This distinguishing is one of the most fundamental basic mental factors. Without it we can’t possibly make any sense of a whole field of vision, a mental field or whatever. It allows us to specify one object from everything else around it or anything else. That’s why the translation as recognition doesn’t work here. Recognition is that we knew it before and it doesn’t have that. For instance, an infant can distinguish hot and cold, hungry and not hungry, light and dark. It doesn’t mean that they have words for it or recognize it. It’s very basic; worms can do that. That’s what distinguishing is about. Without it, there is no way of dealing with the world.
[Pause]
That’s what we’re talking about with that aggregate. Remember that in the discussion of the five aggregates, it has to apply to worms as well, not just humans.
This distinguishing has to do with very basic things like you mentioned, dark or light. Are these categories that any sentient being would distinguish?
In the Karma Kagyu usage of it, it involves categories. In other presentations, like the Gelugpa presentation, it doesn’t necessarily imply categories at all. It just distinguishes this colored shape from that colored shape. It doesn’t put it into any category and doesn’t give it a word. But even in the Kagyu presentation, it doesn’t necessarily apply a word. However, it is also distinguishing one category from another category. For example, the category of apples as opposed to the category of oranges, cats or dogs. Dog would also be distinguished from cold and from anything not dog.
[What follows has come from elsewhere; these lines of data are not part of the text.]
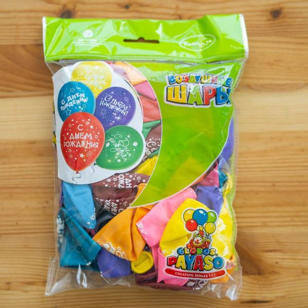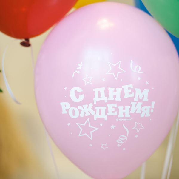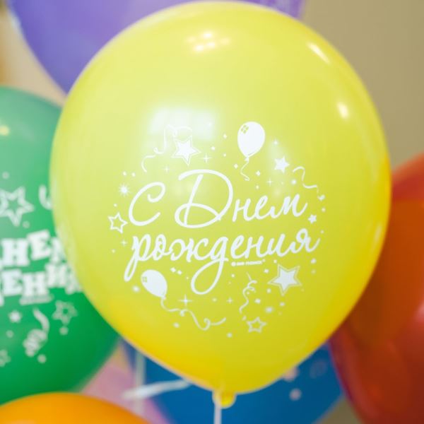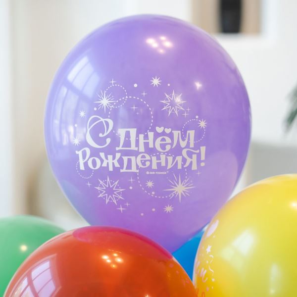 Воздушные шары Пастель+Декоратор (шелк) 2 ст. рис. С Днем Рождения Серпантин 50шт 12"/30см
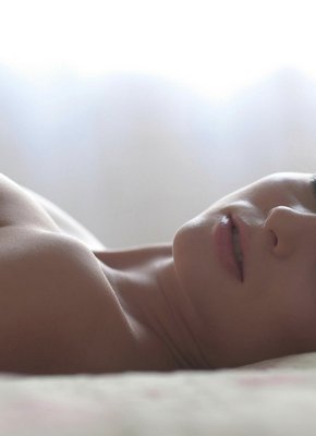 Девка с голой писькой в постели
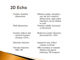 1) The causes, symptoms, signs, diagnostic tests and goals of treatment for DCM. The mainstay of therapy includes vasodilators, digoxin and diuretics.
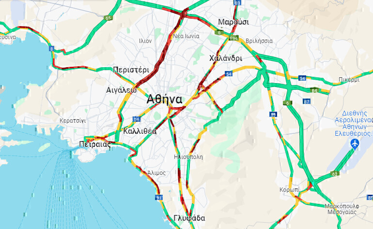 Ειδικότερα, πολύ αυξημένη είναι η κίνηση στον Κηφισό στην κάθοδο από την Μεταμόρφωση μέχρι το Ρέντη και στην άνοδο από τα ΚΤΕΛ μέχρι τη Νέα Φιλαδέλφεια.

Two Levels of Distinguishing
There are two levels of distinguishing. There’s distinguishing the categories; categories have what is known as composite features, a composite of all the items that are in it. This would be distinguishing the category of dog from the category of cat. But then, with specific items, we distinguish one item from another item, such as right hand from left hand, this dog from that dog. It works on both levels. We have distinguishing with what’s called specifically characterized phenomenon, specific items; and then we have distinguishing with generally categorized phenomenon, that’s a technical term, and that’s the categories.
One is focused on an individual defining characteristic feature; and categories focus on what I translate as a composite feature, as it’s a composite of all the items that fit into the category of, for instance, dogs. Once we think of dog, then we have a mental picture of what represents a dog for us. When we think of a dog, everybody is going to have a different mental picture of what represents a dog.
I find it a bit confusing because the categorization of hot and cold or dark and light are basic. They don’t seem to be concepts; but dog is a concept.
This is the whole point. In Karma Kagyu, distinguishing isn’t manifest in non-conceptual sensory cognition. In Gelugpa, it is manifest. Kagyu says no it isn’t manifest at that time. It’s only manifest in terms of distinguishing whole objects from each other. Distinguishing doesn’t occur, it’s unmanifest, and obviously there’s continuity during that microsecond of bare sensory cognition and the bare mental cognition. That’s just a mental hologram of little patches of colored shapes.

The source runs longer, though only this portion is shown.